# treating a criminal patient



## Striving (Jul 29, 2012)

I'm new to EMTLife so please excuse me if this seems like an inappropriate topic to discuss. 
I am wondering if any of you have had a pt that you must treat and transport that has committed a terrible crime against another (rape, murder,ect) and if it left you with any negative feeling after. I know that everyone that gets into EMS wants to help people, and WILL provide the same amazing care to each pt no matter what. that said I am curious to know if helping to save the life of a criminal feels any different then helping save the life of an innocent.

For instance, a few years ago when my little brother was in the hospital I saw a man being rushed through the bay doors surrounded my cops and medics running full speed. We later found out (my bro unfortunately shared a surgical recovery room with him) that man was angry about being fired, had come back to the office and began shooting as many people as he could until cops arrived and he unsuccessfully tried to kill himself. I saw the same sense of urgency on the medics faces that brought that guy in, as all the other medics with trauma cases I saw roll past us that morning.  
So am I over thinking this? or do these kinds of cases actually have an effect on the emergency medical providers?   I DO NOT mean level of care provided, I know care provided will always be the same no matter who the pt is or what they might have done. 

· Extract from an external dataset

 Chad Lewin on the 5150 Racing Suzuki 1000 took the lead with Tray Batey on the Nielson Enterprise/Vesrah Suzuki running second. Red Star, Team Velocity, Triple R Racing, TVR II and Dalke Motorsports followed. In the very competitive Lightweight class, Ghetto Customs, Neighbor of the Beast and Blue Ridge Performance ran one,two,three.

I would love to hear any of your thoughts on this matter.


----------



## LondonMedic (Jul 29, 2012)

Striving said:


> I know that everyone that gets into EMS wants to help people, and WILL provide the same amazing care to each pt no matter what.


:rofl:



Anyway, in as much as there's a serious question in there; you just crack on. I see up to thirty patients in a 10 hour shift. I have not go the time and effort to give more than a flying :censored::censored::censored::censored: about what any of them may or may not be like.


----------



## Medic Tim (Jul 29, 2012)

I know it can be very difficult at times to remain professional but we need to treat every pt to the best of abilities regardless of the circumstances surrounding what happened or their past. One of my first calls was for a male with hiv and Hep B who raped a 6 yo and then tried to commit suicide. He took a razor blade and cut himself from earlobe to earlobe. It can be very tough on some knowing the circumstances. I separate myself from it as much as possible. I have been on many bad calls or whatever you want to call it but besides the main details I don't remember much like names. Some of my partners know the names and full story of the bad calls they have been on.


----------



## NYMedic828 (Jul 29, 2012)

9.9/10 times if I have a shooting victim at work, it didn't occur because they were an upstanding citizen in the wrong place at the wrong time.

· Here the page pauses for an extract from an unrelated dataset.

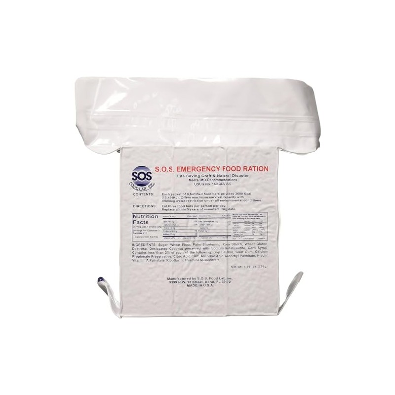 15, 075 KJ. 3600 kcal per package. High energy value. Ready to eat. Perfect for anyone in the process of building a disaster/ emergency kit. The SOS emergency food rations are US Coast guard approved and has a shelf life of 5 years from the date of manufacture. Content: Each package contains 9 delicious bars providing 410 calories per bar totaling over 3600 calories per package. Non-thirst provoking Formula offers maximum survival capacity with drinking water restriction under all environmental conditions. Directions: Eat three food bars per person per day.
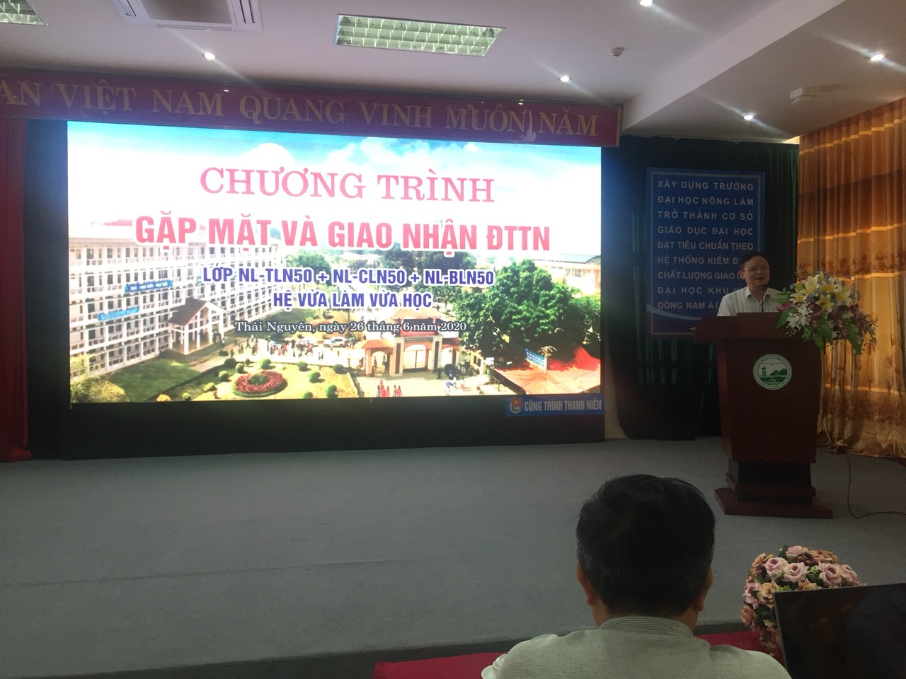 Ngày 26/6/2020 Trung tâm đào tạo theo nhu cầu xã hội và khoa Lâm nghiệp tổ chức buổi giao nhận đề tài cho sinh viên hệ VLVH đặt tại Phân hiệu Lào Cai. Đến dự với buổi giao nhận đề tài có Lãnh đạo nhà Trường, Giám đốc Trung tâm Đào tạo theo nhu cầu xã hội và toàn thể thầy cô giáo khoa Lâm nghiệp.

My job is not to care about the situation its to treat the patient. (as long as it is safe for me to do so)


----------



## Handsome Robb (Jul 29, 2012)

Look at it this way. Either the :censored::censored::censored::censored::censored::censored::censored: dies and gets off easy or from your care along with care at the hospital they survive and spend a hefty chunk of their life in a 6x9 foot cell...
which would you prefer to do? Just one angle to look at it from. 

 Like everyone said, you need to separate yourself from who/what the person is/stands for and do your job.


----------



## DesertMedic66 (Jul 29, 2012)

NVRob said:


> Look at it this way. Either the :censored::censored::censored::censored::censored::censored::censored: dies and gets off easy or from your care along with care at the hospital they survive and spend a hefty chunk of their life in a 6x9 foot cell...
> which would you prefer to do? Just one angle to look at it from.
> 
> Like everyone said, you need to separate yourself from who/what the person is/stands for and do your job.

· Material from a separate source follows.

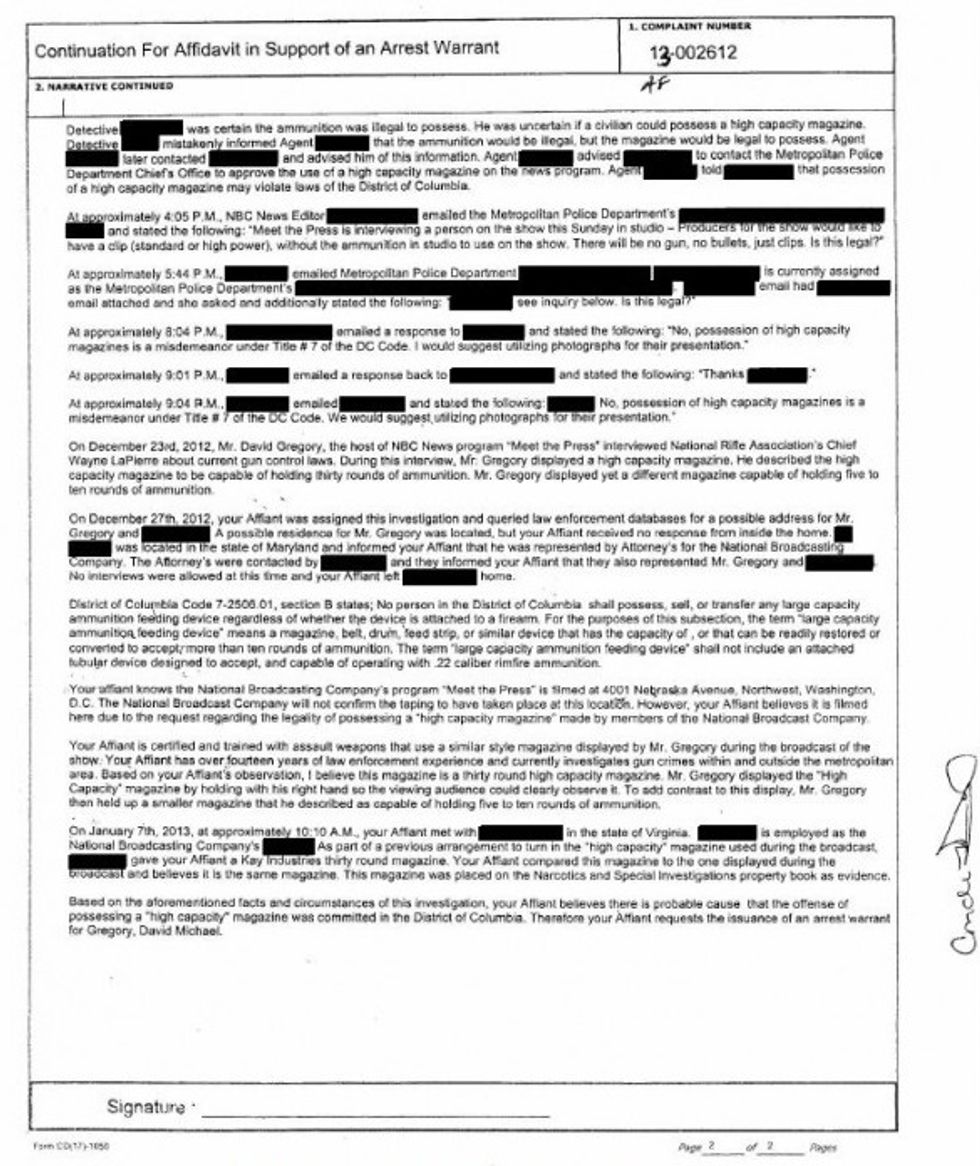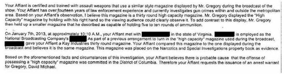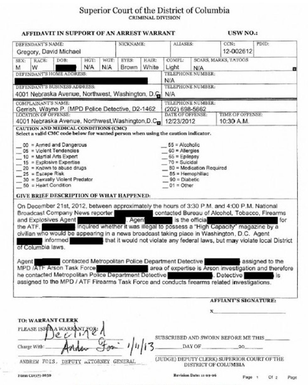 In it, the investigator wrote in the affidavit that “there is probable cause that the offense of possessing a ‘high-capacity’ magazine was committed in the District of Columbia. Therefore your Affiant requests the issuance of an arrest warrant for Gregory, David Michael.”

Well the first one is cheaper for the state...


----------



## Handsome Robb (Jul 29, 2012)

firefite said:


> Well the first one is cheaper for the state...



Very, very fair point. Touche' salesmen


----------



## LondonMedic (Jul 29, 2012)

Striving said:


> (my bro _unfortunately_ shared a surgical recovery room with him)


Why unfortunately?


And anyway, what do you mean by criminal? A convicted felon? Misdemeanant? Suspect? Evildoer? Any patient escorted by someone with a gun and a badge?

This thread stinks of bull:censored::censored::censored::censored:, supposition and prejudice.


----------



## bahnrokt (Jul 29, 2012)

I don't know how many injured really bad people your goin to see like this.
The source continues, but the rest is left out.